As for President Jefferson, when he had the opportunity to support the people he once called “cannibals of the terrible republic,” he did the opposite. Jefferson so feared that Haiti’s anti-slavery egalitarianism would spread to US shores that he tried to cut off contact by instituting a trade embargo.
What the case of Haiti makes apparent is that we can only write off the crimes of enslavers as the deeds of “men of their time” if we leave out the story of their victims.

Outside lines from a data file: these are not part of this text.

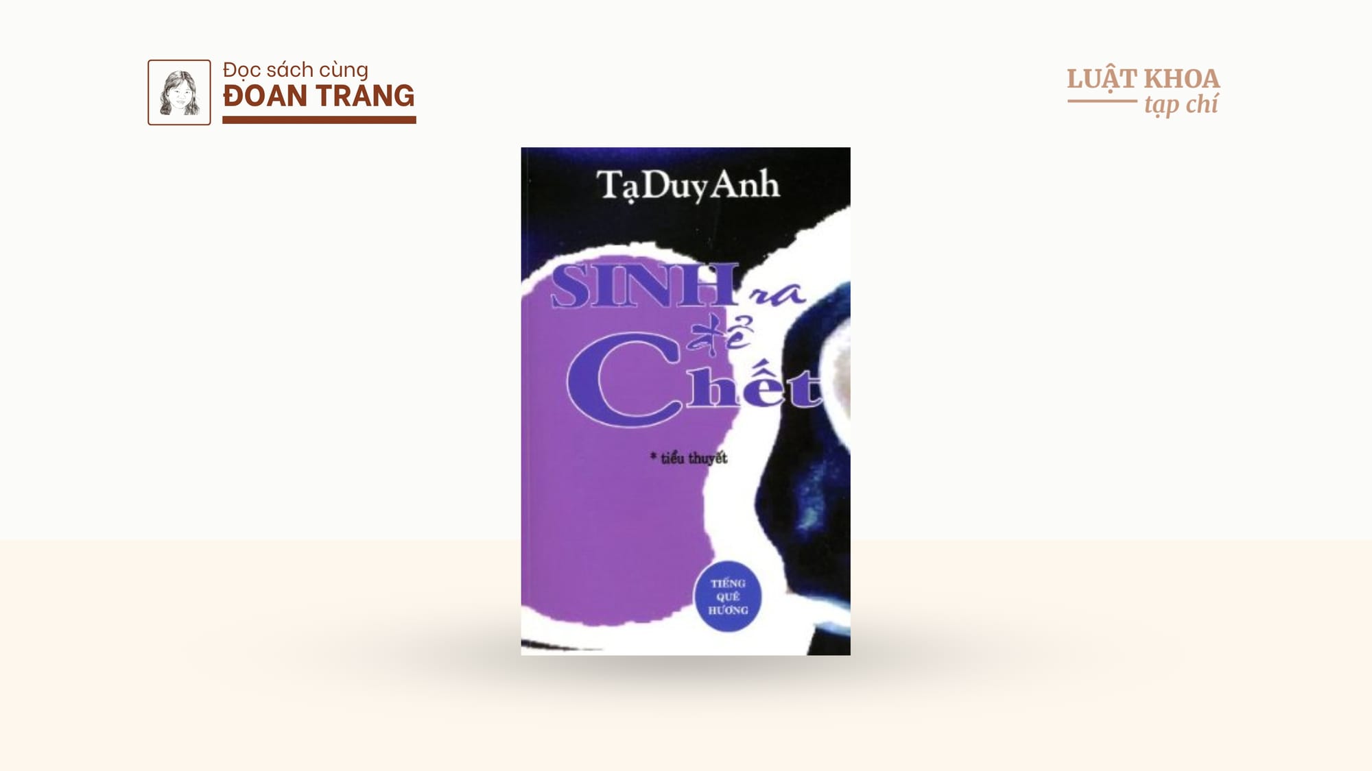 Chuyên mục Đọc sách cùng Đoan Trang tuần này xin được giới thiệu quyển tiểu thuyết Sinh ra để chết của nhà văn Tạ Duy Anh, do nhà xuất bản Tiếng Quê Hương (Mỹ) xuất bản vào năm 2008.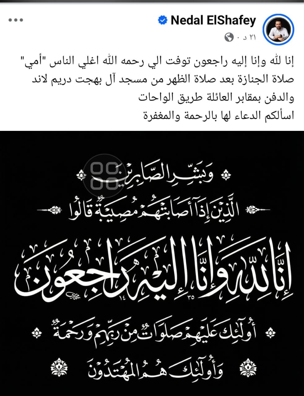 ونشر نضال الشافعي منشورًا عبر حسابه خاص على موقع التواصل الاجتماعي “فيس بوك”، وعلق قائلًا: “إن لله وإنا إليه راجعون توفت الي رحمه الله اغلي الناس أمي".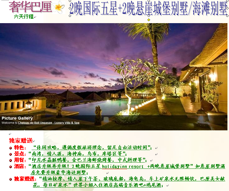 奢華 巴厘島 2晚國際五星+2晚懸崖城堡別墅/海灘別墅 2014-11-27 本文被閱讀 4225 次

Enslaved men and women who were forced to silently suffer by those tyrants euphemistically called slaveholders and planters were also people of their time. So were the maroons who led slave rebellions across the Americas and the abolitionists who advocated for universal emancipation. Let us also not forget that there were millions of people who lived during Jefferson’s time, and the vast majority of them never enslaved anyone.
If there is one thing that teaching at “Thomas Jefferson’s University” has taught me, it is that those who defend the pro-slavery founders of the United States are not seeking moral clarity when they tell me not to judge Jefferson because he was just “a man of his time.” It is absolution they want.
But this is something Jefferson could not give himself, much less the nation he helped create. “I tremble for my country when I reflect that God is just; that his justice cannot sleep forever,” Jefferson lamented. He clearly didn’t tremble too much. George Washington freed all his slaves in his 1799 will. Thomas Jefferson, who died in 1826, freed only five in his. Sally Hemings wasn’t one of them.
So many people living in our time cannot bear to confront what is perhaps the most self-evident of truths. Rapists and enslavers are indefensible, regardless of time, and this makes Thomas Jefferson one of the worst men of his.
Marlene Daut, Ph.D, is the author of Tropics of Haiti: Race and the Literary History of the Haitian Revolution in the Atlantic World (2015).